Bringing them together
What makes both these values so remarkable is that they are learnable. By anyone, at any age, no matter where you are in your life or what's happening around you. You can just decide to use them in the next action you decide to take.
The second thing is that they are scalable. Big actions can definitely reflect these values, but tiny actions work as well. A simple (possibly too simple) example could be when you're in a shop, paying for something at the till. Before you leave, you look up from your bag or phone to make eye contact as you thank the shop assistant. That tiny moment fulfills both values. First, you're taking the opportunity to connect with a person for a brief moment. And second, you're providing for a natural human need, which is a little spark of shared goodwill. A trivial example, but I think it covers it.
The popularity contest
Once I decided to run for head student, there was obviously a lot of work to do. I wrote a manifesto, plastered posters across the halls, and made speeches that attempted to be inspiring. I also talked to many, many more people than I normally did. My campaign actually gave me a way to break out of my shell and share something I was passionate about. Most people, even those I knew would not vote for me, responded with unconditional support and even admiration. I felt special in a way that was very new for me.
The day came for the student body to cast their votes. It was mostly a rushed blur, but one memory remains clear.
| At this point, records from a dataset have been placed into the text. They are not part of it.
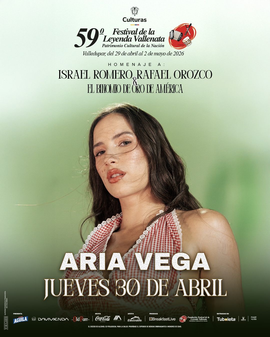 La artista colombiana Aria Vega confirma su participación en la versión 59 del Festival de la Leyenda Vallenata, uno de los encuentros culturales y musicales más importantes del país, que se celebrará en Valledupar del 29 de abril al 2 de mayo de 2026.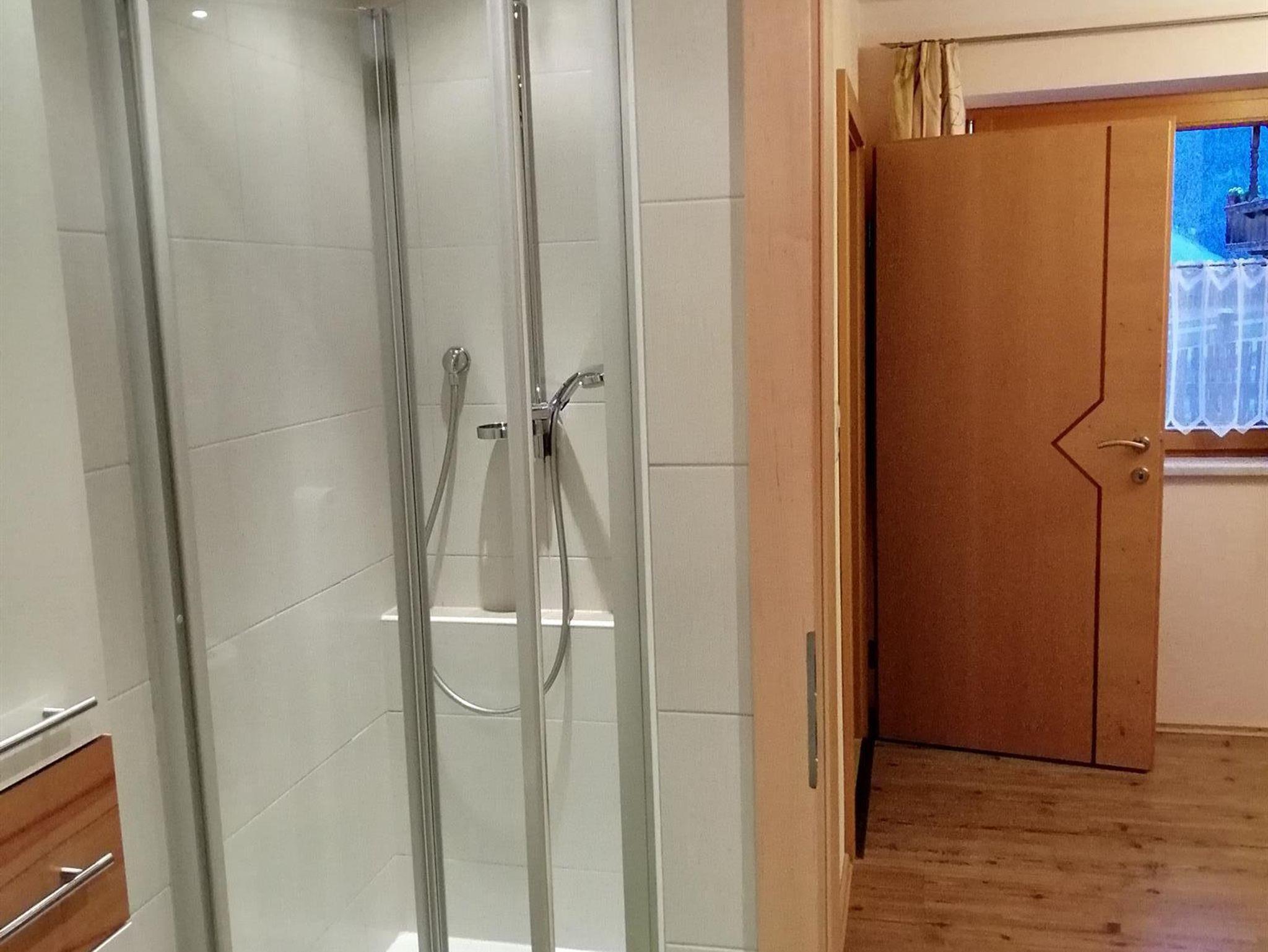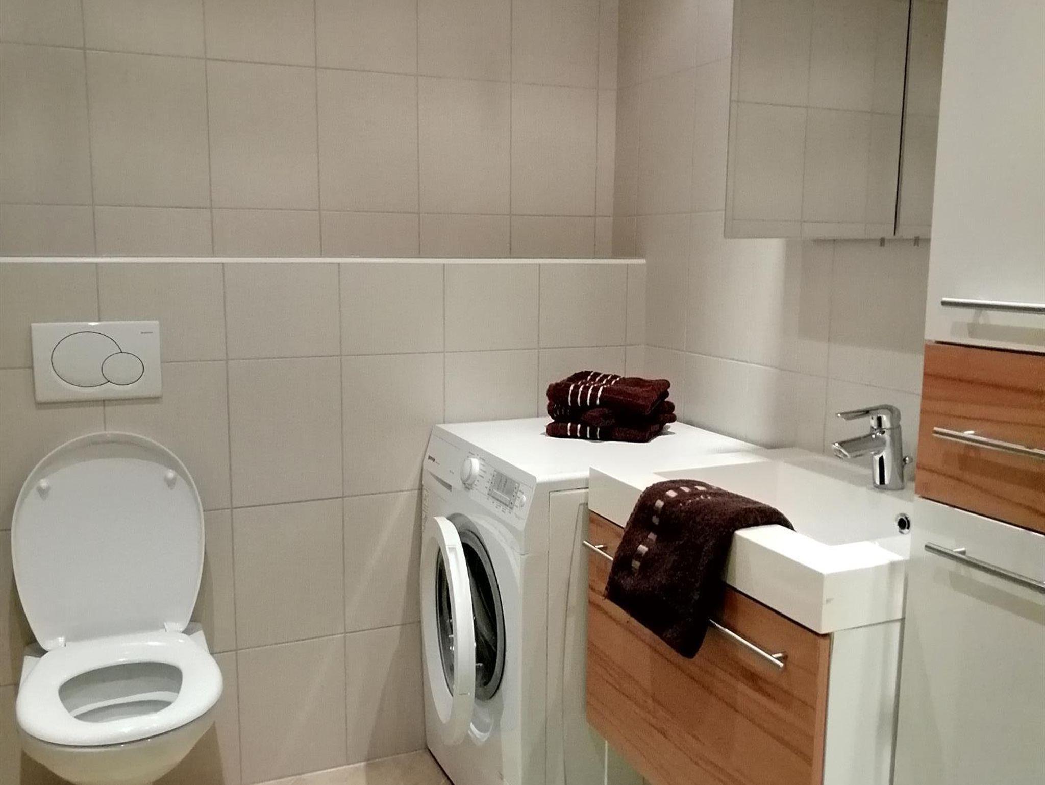 1 Bad mit Dusche und WC, Waschmaschine, Eingangsbereich.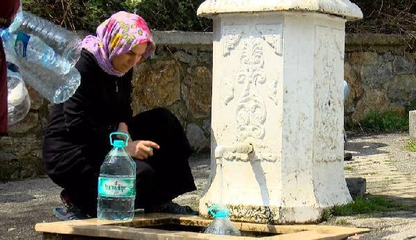 Sarıyer Maden Mahallesi'ndeki çeşmeye gün boyu çok sayıda kişi geliyor. Gelenler, yanlarında getirdikleri damacanaları, pet şişeleri, çeşmeden doldurup, yollarına devam ediyor.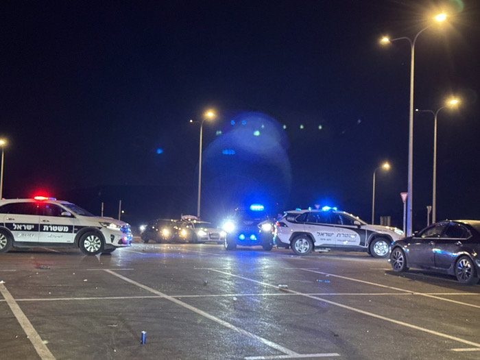 This image depicts a nighttime scene in a paved, open area, likely a large parking lot or plaza, in Petah Tikva, Israel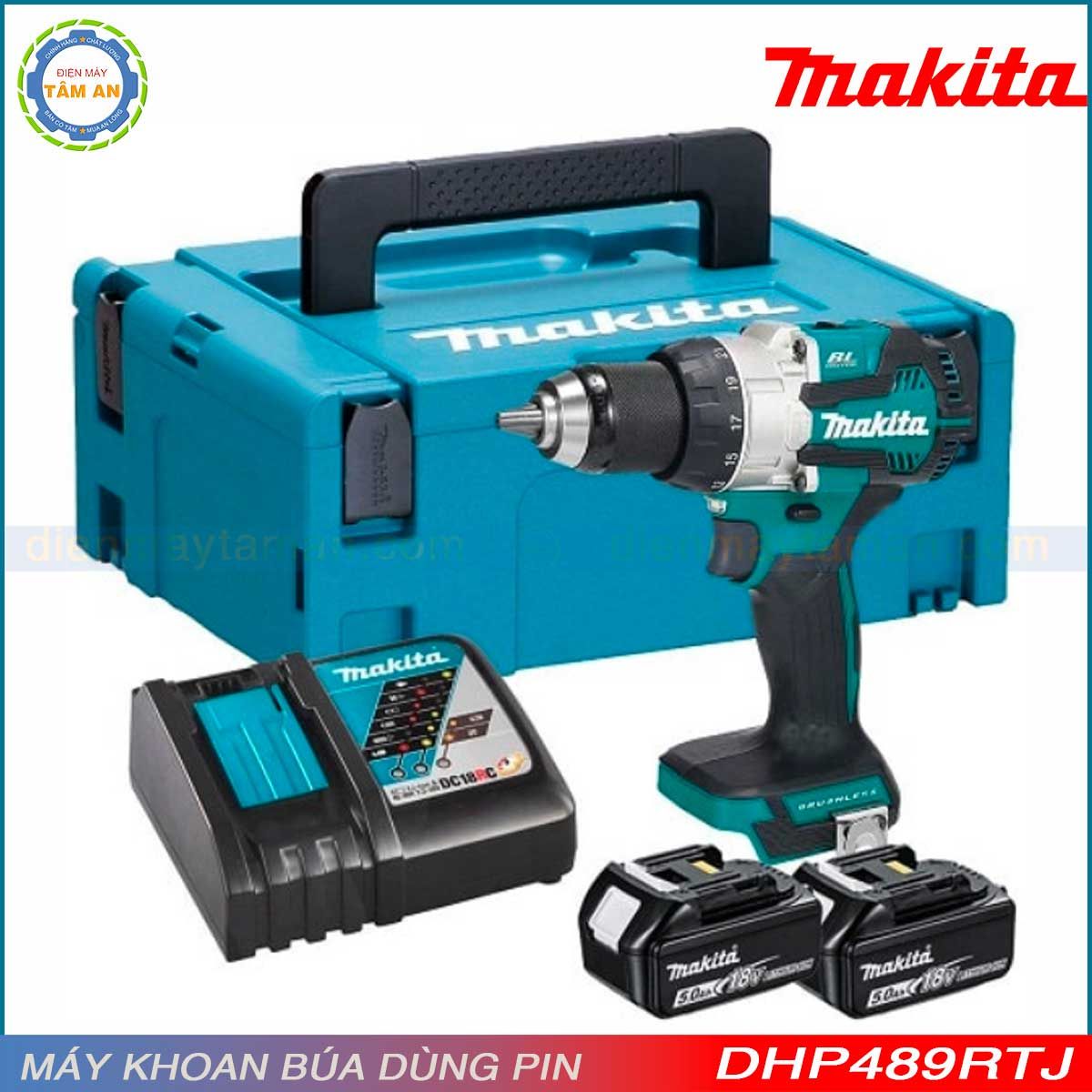 - DHP489RTJ: Gồm thân máy DHP489, 02 pin 5.0Ah, sạc DC18RC, thùng makpac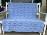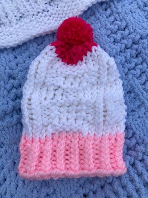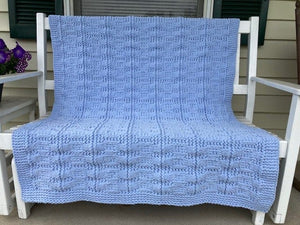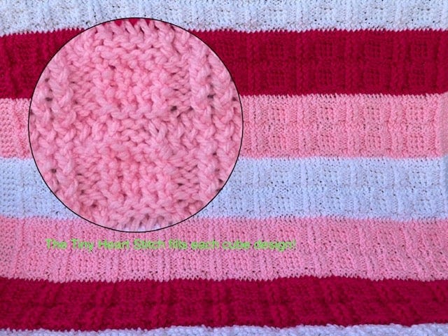 This beautiful new pattern by Laurie Schue, is a combination of cubes filled with the Tiny Heart stitch. (Filled with Love!) This is 1 design but includes instructions for 5 different projects. 2 Baby Blankets, 1 Baby Hat, 1 Toddler blanket and 1 Adult or Toddler throw blanket.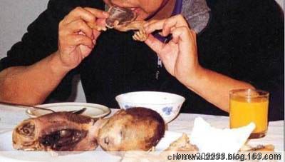 一桌人围着分食。真的想象不到,那些食客是怎么下口的。他们在吃之前,难道就那么心安理得吗?我想,任何一个心存良知的人,都不会做出这样的事情来。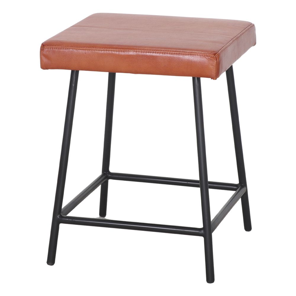 Leather low stool Industrial style. Steel frame with powder paint finishing, and hand sewn leather seat.
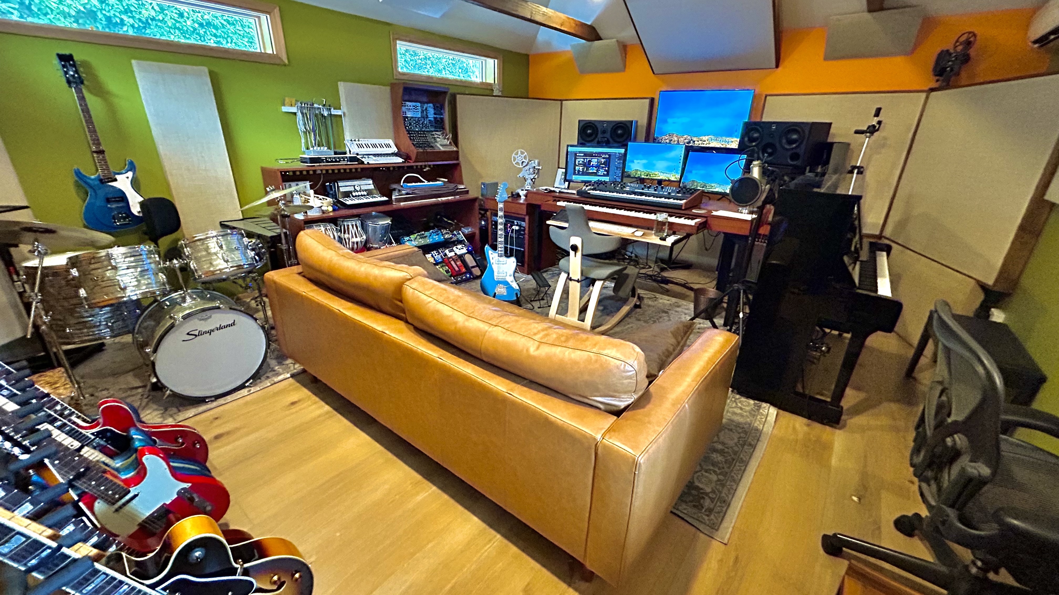 Zecker's studio 'StorySound Productions' is located in Valley Glen, CA. Recently custom-built, the 360 square-foot space is packed with vintage and cutting-edge creative tools and natural light. Playback is a 5.1 surround-sound system powered by ATC Loudspeakers.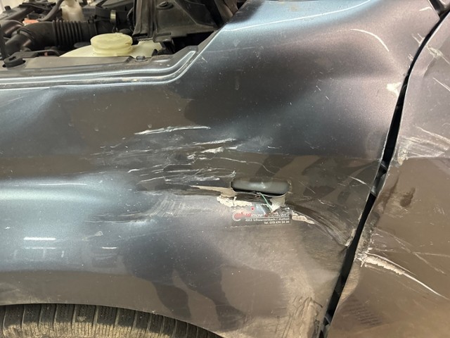 Front eingedrückt. Front links eingedrückt. Frontblech/Maskenblech eingedrückt. Radhaus vorne links eingedrückt / gestaucht.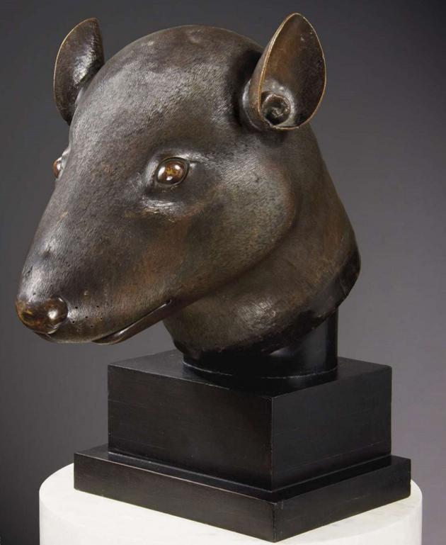 The bronze heads were made for the zodiac fountain of Emperor Qianlong’s Old Summer Palace, and looted when the palace was burned by invading French and British forces in 1860. Heads of the 12 animals of the Chinese zodiac mounted on human bodies served as waterspouts, each head spouting water for a designated two-hour period.

A girl of about 11, tiny for her age, was running over to me urgently. I remembered that I knew her – I had spoken to her once before. She said she wanted to tell me a secret. I bent down so she could whisper into my ear. “I voted for you,” she confided. Then she ran away, leaving me blissfully stunned.
Some days later, the results were announced. The winner was, not surprisingly, the most popular girl in school. To her credit, she deserved it – she was not only popular, she was also smart, practical, and had both the ability and willingness to make changes for the better.
Later, I found out that the other candidates were told how many votes they got, by a student who had the tally. Oddly, he hadn't told me, so I decided to track him down. Once I found him, he said he'd check – then he continued to avoid me for days. I finally cornered him and demanded the count. Awkward and squirming, he told me I didn't get many votes at all and refused to share a number. I knew I wouldn't get more intel out of him, so I thanked him and walked casually away. I guess he didn't want to disappoint me, but I already knew what his answer would be – even before I had begun campaigning.
It was fun thinking back on a part of my life that I've ignored for many years. On the surface, it looks simply like I tried and failed at something. But as the length of this blog post demonstrates, there was a lot more to it than that.